Johnson has a reputation as a conservative but his analysis doesn't really differ that much from that of Paul Krugman, the New York Times liberal economist columnist.
"The trouble is that the Greek austerity measures are making the economy worse. Unemployment is now officially at 16 percent, though the rate among under twenty-fives is approaching 40 percent.
"Productivity is crashing under the weight of strikes and unrest, and debt is now more than 160 percent of GDP, compared to 60 percent debt to GDP in the UK," Johnson writes.
He goes on:
I don’t believe that Greece would be any worse off with a new currency. Look at what happened to us after we left the ERM, or to the Latin American economies who abandoned the dollar peg. In both cases, it was the route to cutting interest rates and export-led recovery.

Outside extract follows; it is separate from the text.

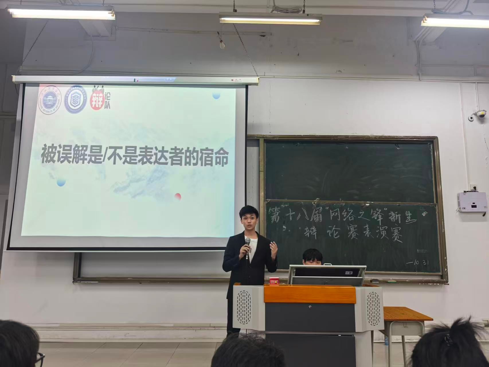 本网讯 为激发同学们的思维发散,体会思维火花的碰撞与激荡,感受辩论魅力,2025年10月31日,我院辩论队于E101举办了“网络之锋”辩论表演赛暨25级新生辩论赛动员大会。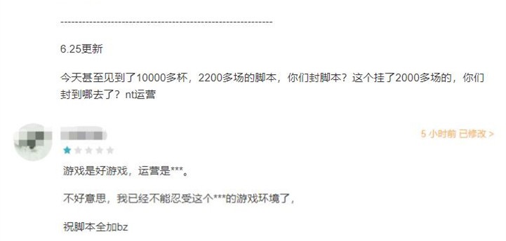 尽管官方已就脚本问题发表了“封禁公告”,可读者对于脚本问题的吐槽并没减弱。很多玩家也对游戏内部没有举报入口耿耿于怀,更有玩家表示,如今就算自己去找客服举报,都无法得到有效反馈。

The euro has exacerbated the financial crisis by encouraging some countries to behave as recklessly as the banks themselves. We are supposedly engaging in this bailout system to protect the banks, including our own. But as long as there is the fear of default, as long as the uncertainty continues, confidence will not return across the whole of Europe—and that is bad for the UK and everyone else.
If this is the opinion of a conservative British politicians, imagine what Greeks must think. They are being offered an economically destructive "austerity program" in exchange for payments to the creditors of their government. Many of those creditors are foreign banks and governments. If you were Greek, would this seem like a good deal?